> [Work instructions]: Transcribe exactly the lines below that begin at the line with "Koszula w kolorze" and stop after the line with "作為國家旋耕機(jī)標(b", leaving out every picture.

> [Data section]:
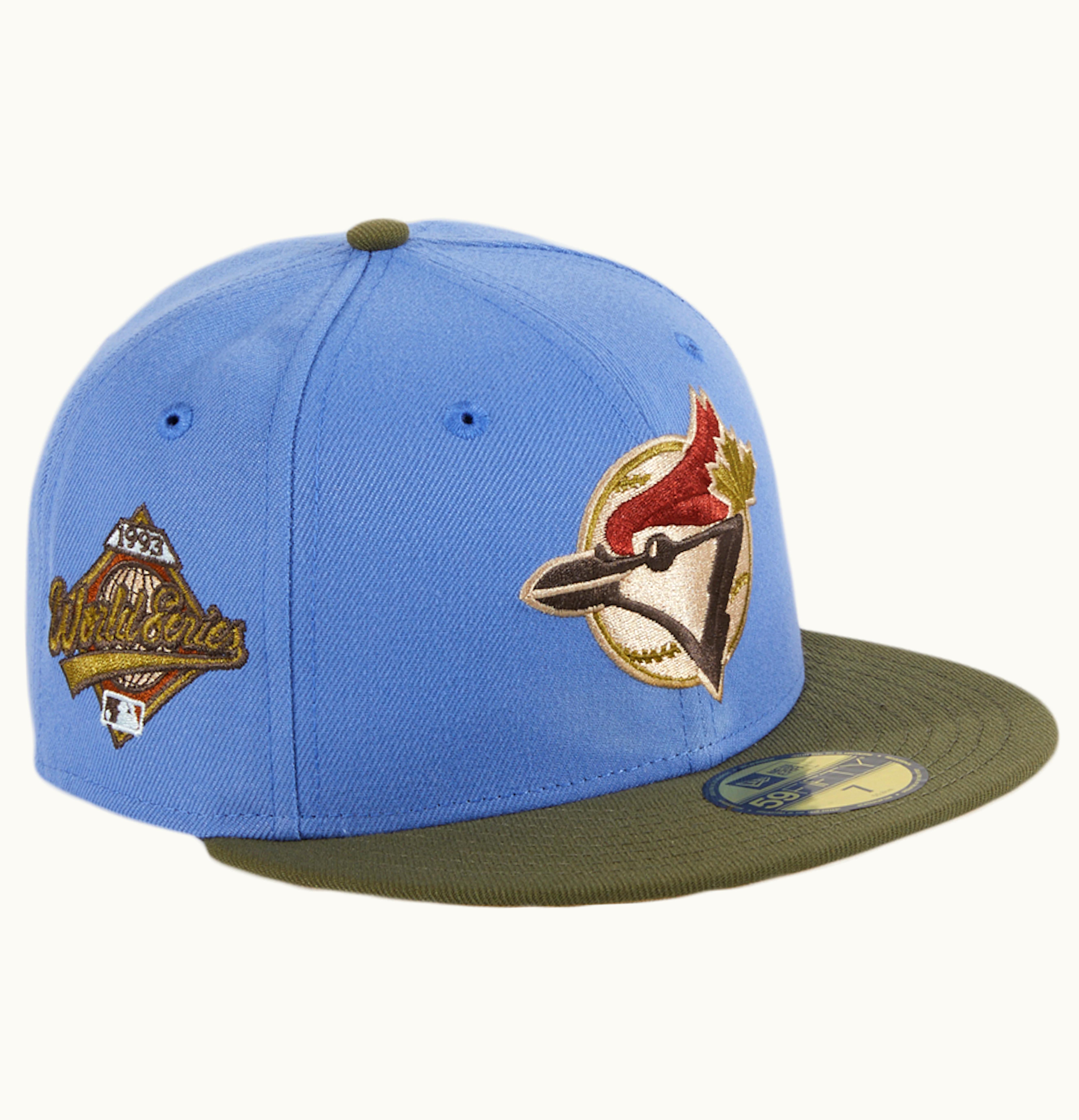 New Era Toronto Blue Jays Great Outdoors 1992 World Series Patch Hat Club Exclusive 59Fifty Fitted Hat Indigo Olive | GLINT
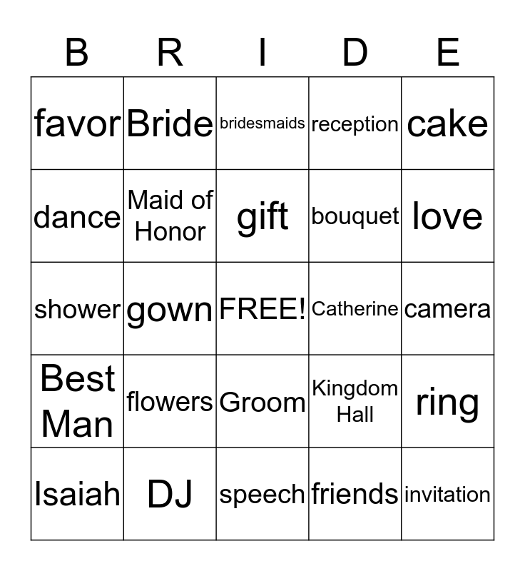 This bingo card has a free space and 24 words: flowers, DJ, gift, Isaiah, cake, favor, dance, Bride, Catherine, Groom, bouquet, shower, Kingdom Hall, ring, Maid of Honor, friends, camera, bridesmaids, love, gown, invitation, Best Man, reception and speech.
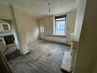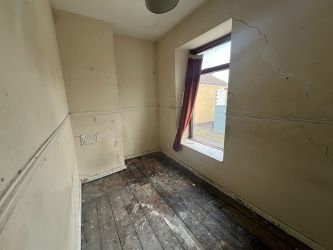 The accommodation is arranged over two floors and offers approximately 657 sq.ft (61 sq.m) of living space. The ground floor comprises a good-sized living room, a spacious kitchen, and access to the rear yard area. The first floor provides two bedrooms and a family bathroom. The property requires a full programme of renovation and upgrading, allowing buyers to add significant value.
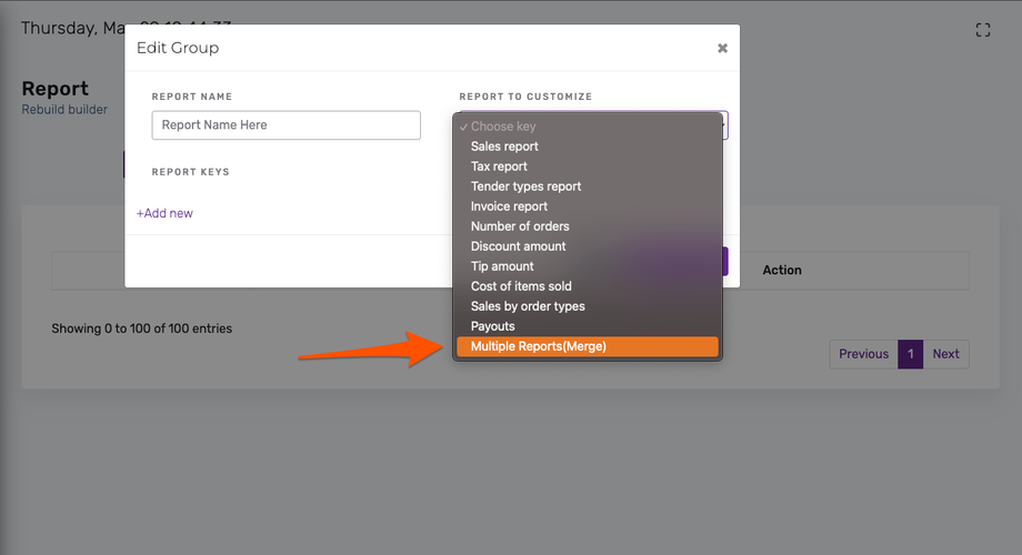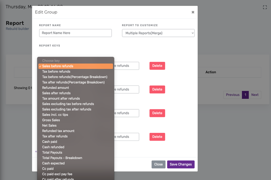 - Once you select which report to customize, you can add "keys" to your custom report. Keys are different data sets from the available report data. Continue to add additional keys by clicking Add New.
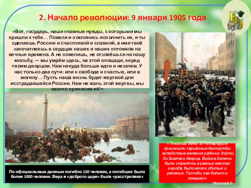 По официальным данным погибло 130 человек, а погибших было более 1000 человек. Вера в «доброго царя» была «расстреляна»
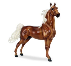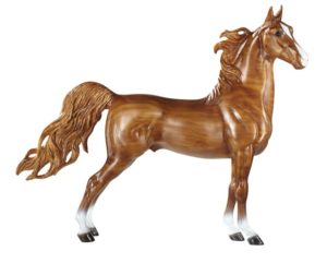 Glossy bright red chestnut; dapples; diamond star; 1 hind sock; America the Beautiful Series SR; 1/350
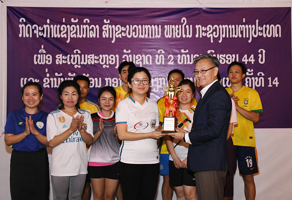 ເມື່ອອາທິດຜ່ານມາ ທີ່ເດີ່ນບານເຕະກູ໊ດໄລ ນະຄອນຫຼວງວຽງຈັນ, ກະຊວງການຕ່າງປະເທດໄດ້ຈັດກິດຈະກໍາແຂ່ງຂັນກີລາບານ ເຕະຍິງ-ຊາຍ ຂຶ້ນເພື່ອສ້າງຂະບວນ ການຂໍ່ານັບຮັບຕ້ອນວັນຊາດທີ 2 ທັນວາ 2019 ຄົບຮອບ 44 ປີ
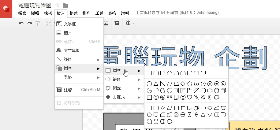 另外因为我自己大量使用 Google 云端硬盘工作,所以有时候我也会直接使用内部的「Google 绘图」,来画出 PPT 或工作报告中需要的流程图图表。
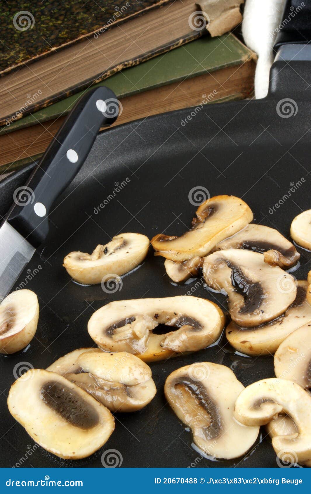 Grilled mushrooms in a pan stock photo. Image of season 20670488
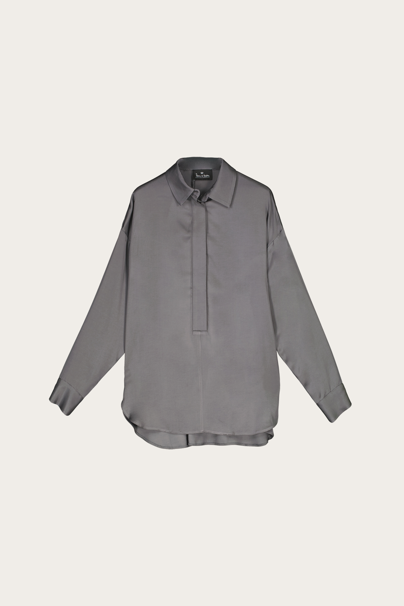 Koszula w kolorze stalowym wykonana z tkaniny satynowej o subtelnym połysku. Posiada kryte zapięcie.
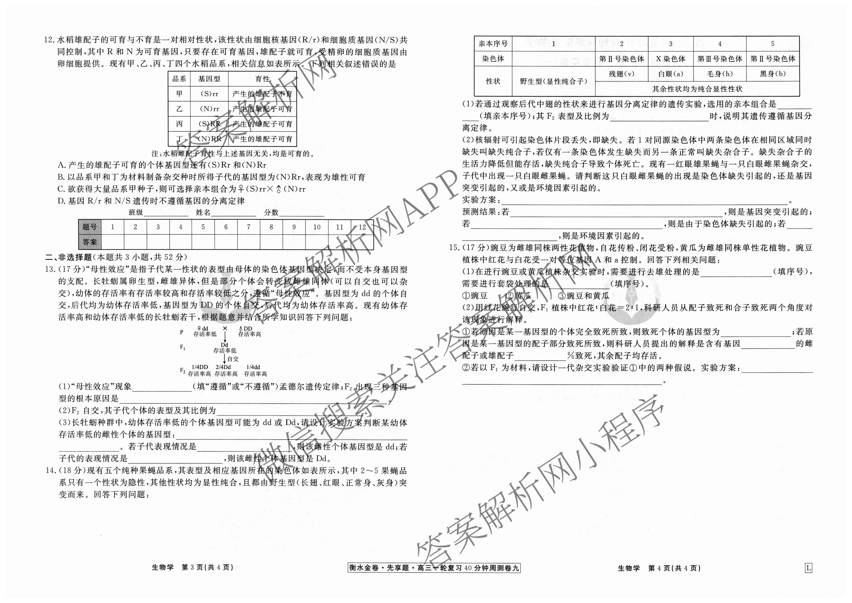 - [高三]2024~2025(衡水金卷先享题)·一轮复习40分钟周测卷·生物(L)(九)9答案
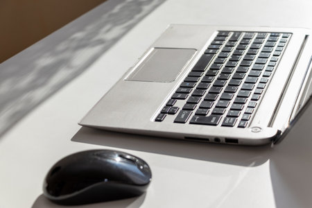 Computer wireless mouse, pen and notepad next to a laptop on a white table close-up. Items for office work
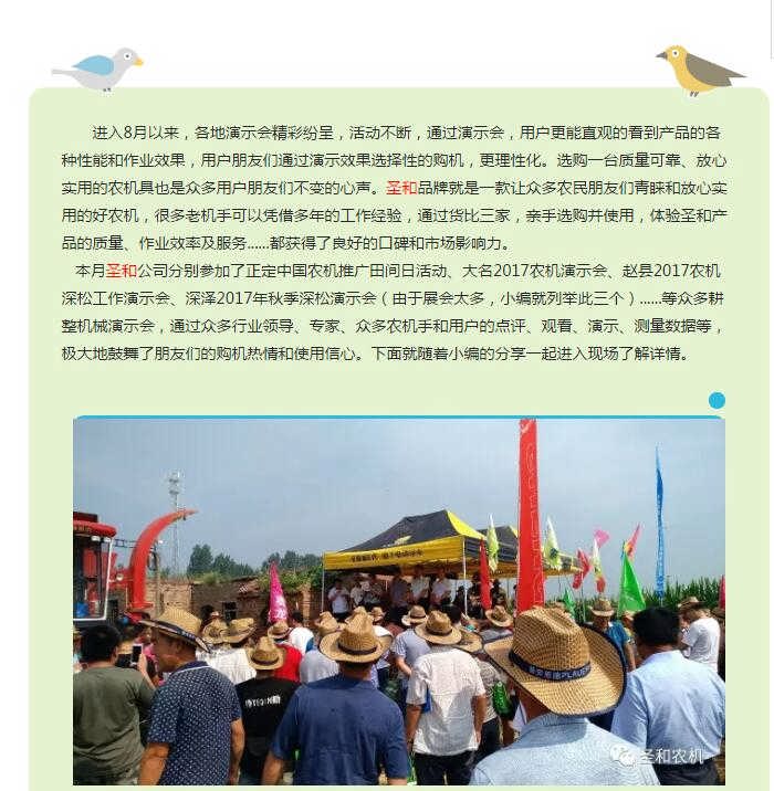 作為國家旋耕機(jī)標(biāo)準(zhǔn)起草單位、河北省著名商標(biāo)、河北省優(yōu)質(zhì)產(chǎn)品、更是一家集生產(chǎn)、研發(fā)、流通為一體的科技型企業(yè),深松旋耕機(jī)、雙軸滅茬旋耕機(jī)安全標(biāo)志及防護(hù)裝置示范單位”、“中國旋耕機(jī)協(xié)會(huì)理事長單位”、“中國農(nóng)業(yè)機(jī)械化協(xié)會(huì)會(huì)員單位”、“中國農(nóng)業(yè)機(jī)械流通協(xié)會(huì)理事單位”、“河北省生產(chǎn)與流通協(xié)會(huì)常務(wù)理事單位”、“河北工業(yè)大學(xué)機(jī)械工程學(xué)院-產(chǎn)、學(xué)、研合作基地”,擁有市級(jí)研發(fā)中心,公司一直致力于保護(hù)性耕整耕種機(jī)具的研發(fā),在中國農(nóng)機(jī)具研發(fā)領(lǐng)域取得特別優(yōu)異的成果,目前已經(jīng)有近百種的農(nóng)機(jī)產(chǎn)品在全國范圍內(nèi)享受農(nóng)機(jī)購置補(bǔ)貼,部分產(chǎn)品走出國際市場,遠(yuǎn)銷海外,并受到一致好評(píng)。不斷更新,不斷完善,不斷進(jìn)取......立足長遠(yuǎn)發(fā)展于未來,圣和-您信賴的農(nóng)機(jī)品牌!買農(nóng)機(jī)、選圣和!
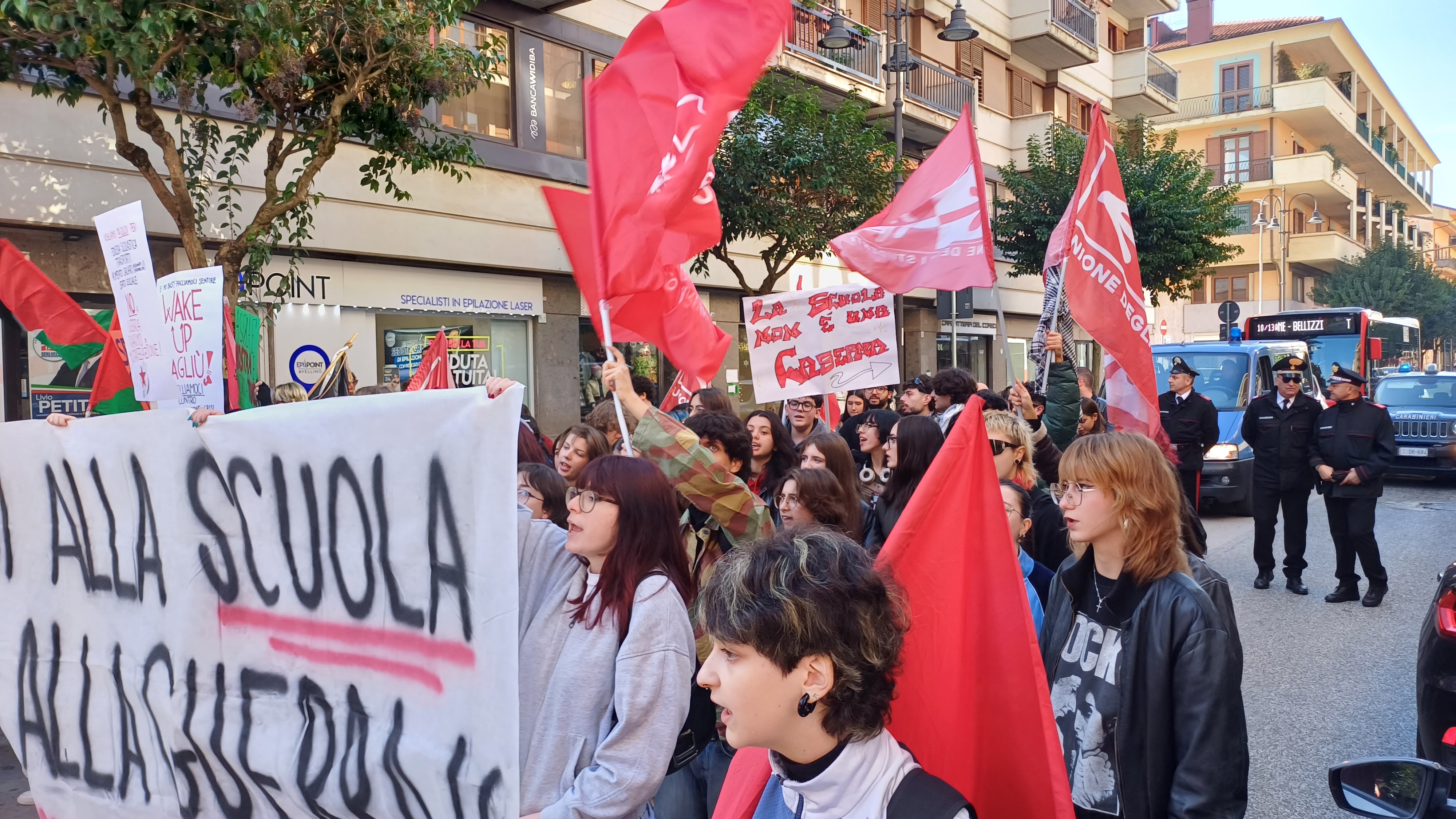“E’ una scuola incapace di rispondere ai nostri bisogni, che continua ad essere poco inclusiva e non riesce a garantire a tutti gli stessi diritti, nella quale non si investe abbastanza, preferendo destinare risorse al riarmo”. E’ Antonio Soldi dei Giovani Comunisti a spiegare le ragioni della manifestazione di protesta organizzata da Collettivo studentesco, Giovani Comunisti, Unione degli studenti, Unione Giovani di Sinistra. Al loro fianco anche Cgil e altre associazioni del territorio. Gli studenti delle scuole superiori irpine con striscioni e slogan “Soldi alla scuola non alla guerra”, hanno sfilato in corteo dalla chiesa di San Ciro fino a piazza Libertà: “Scendiamo in piazza – prosegue Soldi – contro le politiche liberiste del nostro governo che vuole destinare il 5% del Pil alle spese militari, da un investimento pari a 33 miliardi si passerebbe ai 100 miliardi. Una scelta inaccettabile, poichè si tratta di soldi che potrebbero essere, invece, destinati a scuola, sanità e welfare, settori cruciali per garantire il benessere della popolazione. Al tempo stesso, chiediamo che siano tutelati i diritti di tutti i cittadini italiani in contrasto con il DDl sicurezza che limita la possibilità del dissenso. Né possiamo dimenticare la sofferenza del popolo palestinese, continuiamo a denunciare la complicità del governo italiano nelle violenze compiute. Una complicità che si manifesta attraverso il sostegno ad aziende che hanno rapporti commerciali o vendono armi a Israele”. Un appello, quello lanciato dai ragazzi, che è anche una contestazione al sistema scolastico. Gli studenti in piazza chiedono “una scuola pubblica, laica e solidale”, che si tenga conto della loro voce nella didattica e nell’organizzazione di un sistema che appare “sempre più competitivo, tanto da mettere a dura prova la salute mentale di noi studenti, non riesce ad essere al passo con i tempi, non promuove l’educazione sessuale, né riesce a contrastare in maniera adeguata la cultura patriarcale che ancora caratterizza il nostro paese e l’Occidente”.

> [Result for this task]:
 Koszula w kolorze stalowym wykonana z tkaniny satynowej o subtelnym połysku. Posiada kryte zapięcie.
 - [高三]2024~2025(衡水金卷先享题)·一轮复习40分钟周测卷·生物(L)(九)9答案
 Computer wireless mouse, pen and notepad next to a laptop on a white table close-up. Items for office work
 作為國家旋耕機(jī)標(biāo)準(zhǔn)起草單位、河北省著名商標(biāo)、河北省優(yōu)質(zhì)產(chǎn)品、更是一家集生產(chǎn)、研發(fā)、流通為一體的科技型企業(yè),深松旋耕機(jī)、雙軸滅茬旋耕機(jī)安全標(biāo)志及防護(hù)裝置示范單位”、“中國旋耕機(jī)協(xié)會(huì)理事長單位”、“中國農(nóng)業(yè)機(jī)械化協(xié)會(huì)會(huì)員單位”、“中國農(nóng)業(yè)機(jī)械流通協(xié)會(huì)理事單位”、“河北省生產(chǎn)與流通協(xié)會(huì)常務(wù)理事單位”、“河北工業(yè)大學(xué)機(jī)械工程學(xué)院-產(chǎn)、學(xué)、研合作基地”,擁有市級(jí)研發(fā)中心,公司一直致力于保護(hù)性耕整耕種機(jī)具的研發(fā),在中國農(nóng)機(jī)具研發(fā)領(lǐng)域取得特別優(yōu)異的成果,目前已經(jīng)有近百種的農(nóng)機(jī)產(chǎn)品在全國范圍內(nèi)享受農(nóng)機(jī)購置補(bǔ)貼,部分產(chǎn)品走出國際市場,遠(yuǎn)銷海外,并受到一致好評(píng)。不斷更新,不斷完善,不斷進(jìn)取......立足長遠(yuǎn)發(fā)展于未來,圣和-您信賴的農(nóng)機(jī)品牌!買農(nóng)機(jī)、選圣和!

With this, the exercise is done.